It is not Atheism I fear so much, in the present times, as Pantheism.
It is not the system which says nothing is true, so much as the system
which says everything is true; it is not the system which says there is no
Saviour, so much as the system which says there are many saviours and many ways
to peace. It
is the system which is so liberal that it dares not say anything is false; it is
the system which is so charitable that it will allow everything to be true; it
is the system which seems ready to honour others as well as our Lord Jesus
Christ, class them all together, and hope well of all.
Confucius and Zoroaster, Socrates and Mahomet, the Indian Brahmins and
the African devil-worshippers, Arius and Pelagius, Ignatius Loyola and Socinus,—all
are to be treated respectfully: none are to be condemned.
It is the system which bids us smile complacently on all creeds and
systems of religion: the Bible and the Koran, the Hindu Vedus and the Persian
Zendavesta, the old wives’ fables of Rabbinical writers and the rubbish of
Patristic traditions, the Racovian catechism and the thirty-nine Articles, the
revelations of Emanuel Swedenborg and the book of Mormon of Joseph Smith,—all
are to be listened to: none are to be denounced as lies.
It is the system which is so scrupulous about the feelings of others,
that we are never to say they wrong; it is the system which is so liberal
that it calls a man a bigot if he dares to say, “I know my views are
right.” This
is the system, this is the tone of feeling which I fear in this day.

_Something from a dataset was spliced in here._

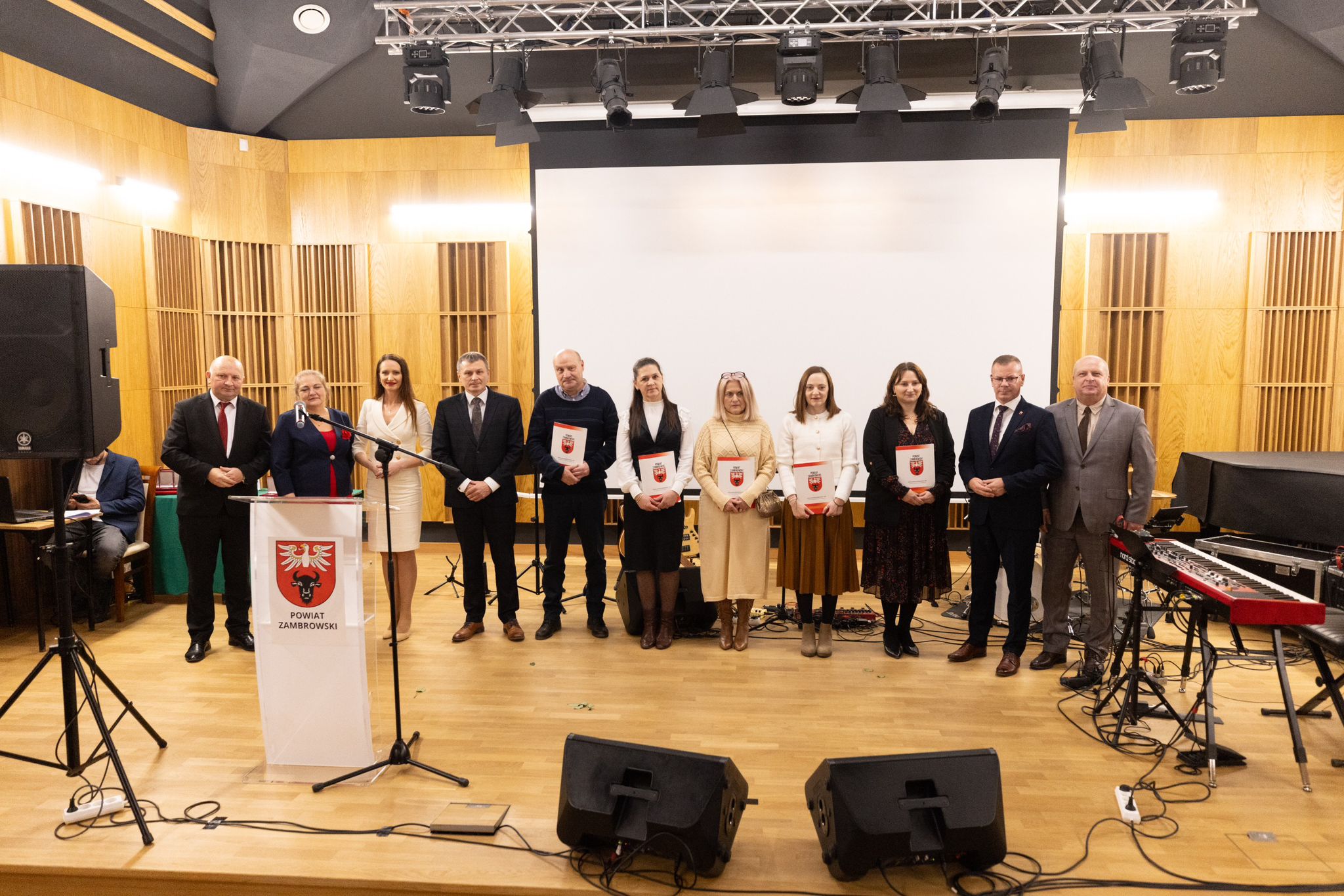 Spotkanie w Zambrowie było także okazją do uhonorowania zasłużonych pracowników socjalnych. Wojewoda dokonał odznaczenia pani Ewy Anny Kalinowskiej złotym Medalem za Długoletnią Służbę. Starosta Powiatu Zambrowskiego Edyta Marchelska-Groszfeld razem z Przewodniczącym Rady Powiatu Jackiem Norbertem Murawskim i Elżbietą Rajewską-Nikonowicz, dyrektor Regionalnego Ośrodka Polityki Społecznej w Białymstoku wręczyli podziękowania kierownictwu oraz pracownikom zambrowskich instytucji pomocowych.

This is the system which I desire emphatically to testify against and
denounce.
What is it but a bowing down before a great idol specially called
liberality? What
is it all but a sacrificing of truth upon the altar of a
caricature of charity?
Beware of it, reader, beware that the rushing stream of public opinion
does not carry you away.
Beware of it, if you believe the Bible: beware of it, if you are a
consistent member of the Church of England.
Has the Lord God spoken to us in the Bible, or has He not?

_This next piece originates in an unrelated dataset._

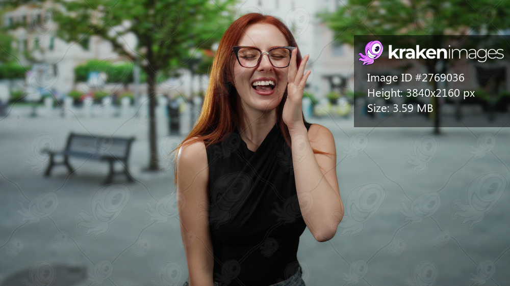 Woman smiling on a city street with trees, showcasing red hair and glasses, embodying beauty and elegance in an urban environment.
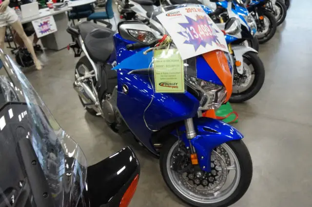 Motorsportseller999Call Josh at 1-877-730-92672012 Honda VFR 1200 Description: IF YOU CALL OR VISIT OUR STORE PLEASE ASK FOR JOSH OR EBAY!!! This is a brand new 2012 VFR 1200. Marked down over $5000 Don't miss out on this deal! This bike can be delivered to most cities in the US and Canada starting at $499. Please Contact Josh at 1-877-730-9267 for a quote Meet the Future. Revolutionary? Radical? Honda’s incredible VFR1200F is all that. and much more. The list of innovative technology is endless. and there’s even more this year since the 2012 VFR1200F showcases some significant upgrades. improvements and innovations. The super-compact Unicam® design 1. 37 cc V4 engine is fueled by Honda’s Throttle By Wire system. and this year offers more torque and more range. There’s even a new Traction Control system. Together with Honda’s Combined Braking with ABS. this makes the VFR one of the most feature packed bikes out there. MSRP$15. 99. 00DIMENSIONSWHEELBASE60. 8 in. SEAT HEIGHT31. 9 in. ENGINEENGINE76° V-4. SOHC. 4 valves per cylinderDISPLACEMENT1. 37 ccBORE X STROKE81 x 60 mmCOMPRESSION RATIO12:1CARBURETIONPGM-FI with automatic enrichment circuit. 44 mm throttle bodies & 12-hole injectorsFUEL TANK CAPACITY5 gal. IGNITIONDigital transistorized with electronic advanceCOOLINGLiquidDRIVETRAINTRANSMISSION6-speedFINAL DRIVEShaftBRAKES/WHEELS/TIRESBRAKESFront: Dual full-floating 320 mm discs with CBS 6-piston calipers with ABSRear: Single 276 mm disc with CBS 2-piston caliper with ABSTIRESFront: 120/70 ZR17 radialRear: 190/55 ZR17 radialOPERATIONALSUSPENSIONFront: 43 mm cartridge fork with spring preload adjustability; 4. 7 in. travelRear: Pro Arm single-side swingarm with Pro-Link® single gas-charged shock with remote spring preload adjustability & rebound damping adjustability; 5. 1 in. travelRAKE25. 5°TRAIL4 in. (101 mm)More information about MOTORSPORTSELLER999 and our accessories. Click here--> To Visit Our Ebay Store Click Here ----> Terms Of Sale: If you are the WINNER of this auction you must contact us with your information within 48 hours. There will be a $295 set up fee and a $75 Documentation fee that will be added to the final price of this vehicle *( see below for delivery options) Motorsportseller999 will be responsible for set-up preparation and delivery obligations on new vehicles as prescribed by the manufacturer. This item is currently available on our show floor. Please call for availability prior to purchasing online. Used vehicles are sold as is with no warranty. unless stated in the listing. For credit card purchases over $1000 and finance options please call 1-877-730-9267 for authorization. Motorsportseller999 does NOT collect sales tax or license on units that we deliver to an out of state residence. If the unit is picked up at the store you will pay Minnesota sales tax (6. 5%). Unless it is a licensed vehicle. (motorcycle. scooter. or trailer) if you are a Minnesota resident we will collect tax and license. (WI is different as we can license in that state. Please call with questions) Please do NOT bid if you need permission or if you have any other questions on the item. If the above terms are not met Motorsportseller999 reserves the right to relist the item. For more information about this vehicle and its options. Please call Josh at 1-877-730-9267 *VERY IMPORTANT PLEASE READ* Additional forms of payments include. Direct deposit. Bank to Bank Wire Transfers Credit Cards (Visa. astercard. iscover) Call for authorization for purchases over $1000. 00 Finance options available. This vehicle may also be available for purchase on our show floor. Auction may be ended at any time for any reason by Motorsportseller999. Vehicle Pickup Options: Please call Josh @ 1-877-730-9267 for pick up or delivery. About Us: We are the largest Motorsports dealer in the upper Midwest. and have been in business for 40 years. with Over 1000 New and Used units in stock. We offer most major brands. Please see our ABOUT ME page for more details. Our State of the art 60. 00 Square foot facility is home to over one million dollars of Parts and Accessories. We have been Sellin' Fun Since 71! We stand behind our product. Any questions please e-mail. Minnesota sales tax will apply to MN residents. Bid with confidence as we have shown that we are here to provide a great service.

Has He shown us the way of salvation plainly in that Bible, or has He
not? Has
He declared to us the dangerous state of all out of that way, or has He not?
Gird up the loins of your mind, and look these questions fairly in the
face, and give them an honest answer.
Tell us that there is some other inspired book beside the Bible, and then
we shall know what you mean; tell us that the whole Bible is not inspired, and
then we shall know where to meet you: but grant for a moment that the Bible, the
whole Bible, and nothing but the Bible, is God’s truth., and then I
know not in what way you can escape the doctrine of the text.

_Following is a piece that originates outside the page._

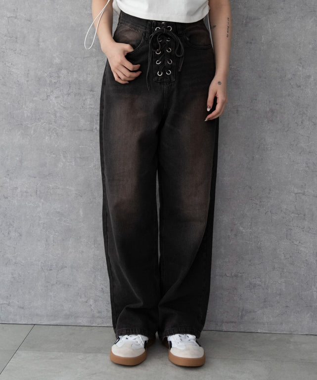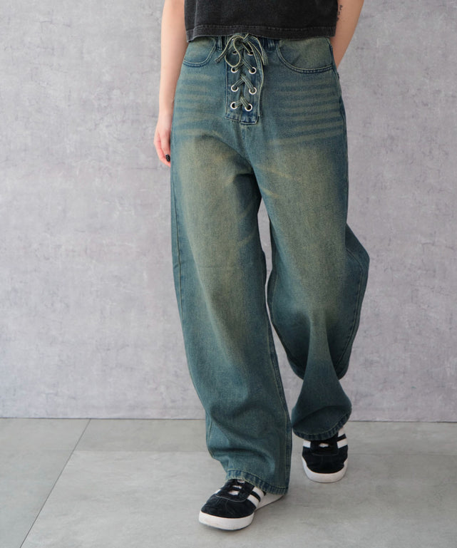 フロントのレースアップデザインがポイントのデニムパンツ。

From the liberality which says everybody is right, from the charity which
forbids you to say anybody is wrong, from the peace which is bought at the
expense of truth,—may the good Lord deliver you!
I speak for myself: I find no resting-place between downright Evangelical
Christianity and downright infidelity, whatever others may find.
I see no half-way house between them, or houses that are roofless and
cannot shelter my weary soul.
I can see consistency in an infidel, however much I may pity him; I can
see consistency in the full maintenance of Evangelical truth: but as to a middle
course between the two,—I cannot see it; and I say so plainly.
Let it be called illiberal and uncharitable.
I can hear God's voice nowhere except in the Bible, and I can see no
salvation for sinners in the Bible excepting through Jesus Christ.
In Him I see abundance: out of Him I see none.
And as for those who hold religions in which Christ is not all,
whoever they may be, I have a most uncomfortable feeling about their safety.
I do not for a moment say that none of them are saved, but I say that
those who are saved are saved by their disagreement with their own principles,
and in spite of their own system.
The man who wrote the famous line,
“He
can’t be wrong whose life is in the right,”
was
a great poet undoubtedly, but he was a wretched divine.